There was a conflict of evidence as to the fact of excessive and unusual rainfall. There was sufficient evidence to sustain the finding of the trial court against the city on this issue.

As to the defense that the surface water entered the basement in consequence of the negligence and want of care of the plaintiffs in installing a water-pipe connecting to the city’s water-main in the street, in the course of which a ditch was opened and negligently refilled in such a manner as to be insufficient to exclude from the basement rain and surface water running in the street, the evidence was conflicting, but the finding of the trial court is not found to be erroneous.

Does the failure of the plaintiffs to give the notice required by section 4384, Comp. St. 1922, constitute a defense to this action?

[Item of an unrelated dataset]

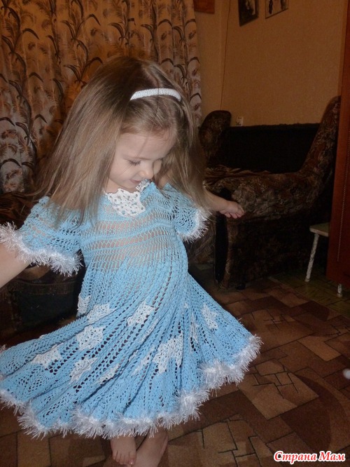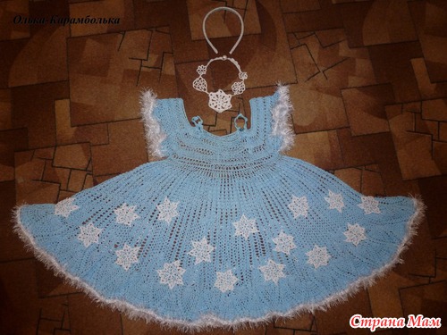 ) решила платье уже связанное давненько - дополнить снежинками, обвязать "Травкой", дополнить вязанным колье и ободком для волос - и вот ИТОГ!!

The city of Chadron is a city of the second class, and consequently section 4384, and not section 4161, which is cited by counsel for the city, applies. This question has already been settled in a recent case. In Muffley v. Village of St. Edward, 110 Neb. 572, it is held:

“The words, ‘arising from defective streets,’ in section 4384, Comp. St. 1922, have reference only to claims for damages to the person or property of travelers upon the street using the same in the ordinary way, and have no reference to a claim for damages to abutting property based upon negligence or tort of the city giving rise to a cause of *126action at common law; as to which claim no notice need be served before suit.”

It has also been held that where the injury is the result of an act of direct malfeasance on the part of an agent of the city, the city is bound to take notice of it, and further notice is unnecessary. Tewksbury v. City of Lincoln, 84 Neb. 571; City of Omaha v. Jensen, 35 Neb. 68.

Finding no reversible error, the judgment of the district court is

Affirmed.

Note — See Judgments, 23 Cyc. p. 1280; Municipal Corporations, 28 Cyc. pp. 1316, 1450 (1925 Ann.).